On a chilly afternoon in November 1958, British archaeologist James Mellaart spotted a mound 450 m long covering 32 acres in the Anatolian Plateau near Konya. Initial excavations between 1961 and 1966 revealed rectangular mud-brick houses with painted walls, bulls’ heads, burials beneath homes, and female figurines. Other artifacts included obsidian mirrors and daggers with elegant bone handles.
The site was called Çatalhöyük.
Mellaart had discovered a massive Neolithic community, the world’s largest “town” in the 8th millennium BC, with a peak population of approximately 8,000. Archaeologists hesitate to classify Çatalhöyük as a “town” or a “city” because it lacked a social structure and prominent monuments. However, many elements of urbanization were visible.
After 1966, there were no further excavations at Çatalhöyük until Ian Hodder, one of Mellaart’s students at the University of Cambridge, began digging the site in 1993. Hodder, who led the Çatalhöyük Research Project until 2018, contributed significantly to our understanding of this Neolithic settlement.
At Çatalhöyük, the houses were crammed together in a labyrinth because no streets connected them. One had to use the roof and a ladder to enter and exit a dwelling. Each house was occupied for eighty years, after which they were deliberately collapsed, and a new home was built over them.
The dwellings were similar in design. Each house had two rooms. The kitchen, which was close to the entrance, had a hearth and an oven. The kitchen was part of the main room, with a raised platform for domestic tasks. Beneath this platform were the burial chambers, but as we’ll see later, teenagers and children were buried in the store room. A small storage space beside the main room housed grains and animal hides.

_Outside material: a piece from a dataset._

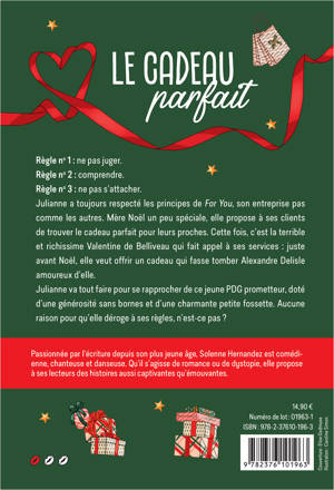 Julianne a toujours respecté les principes de For You, son entreprise pas comme les autres. Mère Noël un peu spéciale, elle propose à ses clients de trouver le cadeau parfait pour leurs proches. Cette fois, c'est la terrible et richissime Valentine de Belliveau qui fait appel à ses services : juste avant Noël, elle veut offrir un cadeau qui fasse tomber Alexandre Delisle amoureux d'elle.

The inhabitants of Çatalhöyük were early farmers who had just started domesticating plants and animals. Despite abundant hunting depictions in the dwellings, the inhabitants relied on sheep and goats for meat.
The walls of the central area of the house feature enormous sculpted bullheads with horns pointing at the viewer. The walls are plastered and depict scenes of hunting stags, aurochs, and wild boars. They also have murals featuring giant vultures flying over headless humans, a theme we encounter at Göbekli Tepe.

One of the primary features of Çatalhöyük is the abundance of remarkable female figurines, which Mellaart and the initial excavators imagined to be part of a fertility cult.
The most famous among them is the Seated Woman of Çatalhöyük.
What does the idol represent?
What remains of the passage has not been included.